In another part of the world, when Soviet-backed forces formed a government in Angola in sub-Saharan Africa, the United States promptly allied itself with the anti-communist Union for the Total National Independence of Angola (UNITA), led by Jonas Savimbi. Savimbi became a favorite of many conservatives — he was even dubbed the "George Washington" of Southern Africa by Howard Phillips of the Conservative Caucus.

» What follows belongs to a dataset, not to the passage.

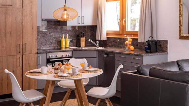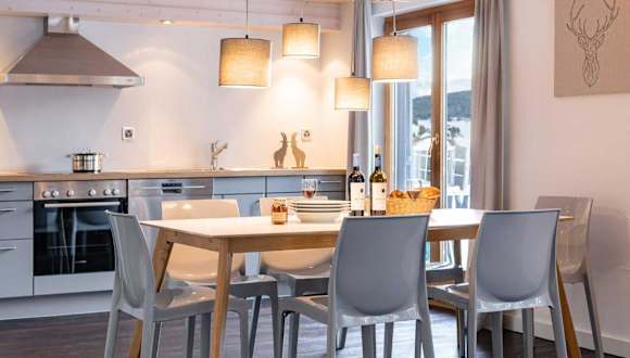 Die Unterkunft ist ausgestattet mit einem Flachbild-TV sowie einem eigenen Badezimmer mit Dusche und Haartrockner. Die Küche verfügt über einen Kühlschrank, Geschirrspüler und Ofen. Einige Wohneinheiten bieten eine Terrasse oder einen Balkon mit Blick auf die Berge oder den See.

Reagan began helping UNITA in 1985 when congressional proscriptions on assistance were lifted
What about UNITA?
Guardian: The Unita rebel movement has sharply escalated military activity in Angola with a series of attacks in Uige and Bengo provinces which left more than 100 civilians dead and saw the kidnapping of 60 children aged between 10 and 18. The rebel attacks followed an unprecedented speech to a university conference on democracy by President Jose Eduardo Dos Santos, which was widely interpreted as an olive branch towards the Unita leader, Jonas Savimbi.

The attacks coincided with a six-day visit to the country by Dr Ibrahim Gambari, the UN secretary general's special adviser on Africa, for whom new action on the failed peace accords in Angola is a high priority.

The children, all war orphans, were seized at night from a boarding school at Caxito, 35 miles from the capital, Luanda, last weekend by a group of about 50 Unita men dressed in regular police uniforms, and led away into the bush to be used as porters by the rebels.

Yes, that's UNITA. And yes, here's NSDD-212/274, in which the plan is outlined euphemistically for pressuring the MPLA government towards "reconciliation" (impunity) for UNITA atrocities, while rehabilitating the Apartheid regime in South Africa. Here is an FAS article on UNITA, just in case you mistrust the Guardian or think UNITA might have metastasized into a terror group after 1991.

Apparently no one has come up with convincing evidence that the CIA had any connection to RENAMO, the White Rhodesian-created terrorist organization that devastated Mozambique—apart from providing "engagement" with the RSA while it sustained the terror campaign there.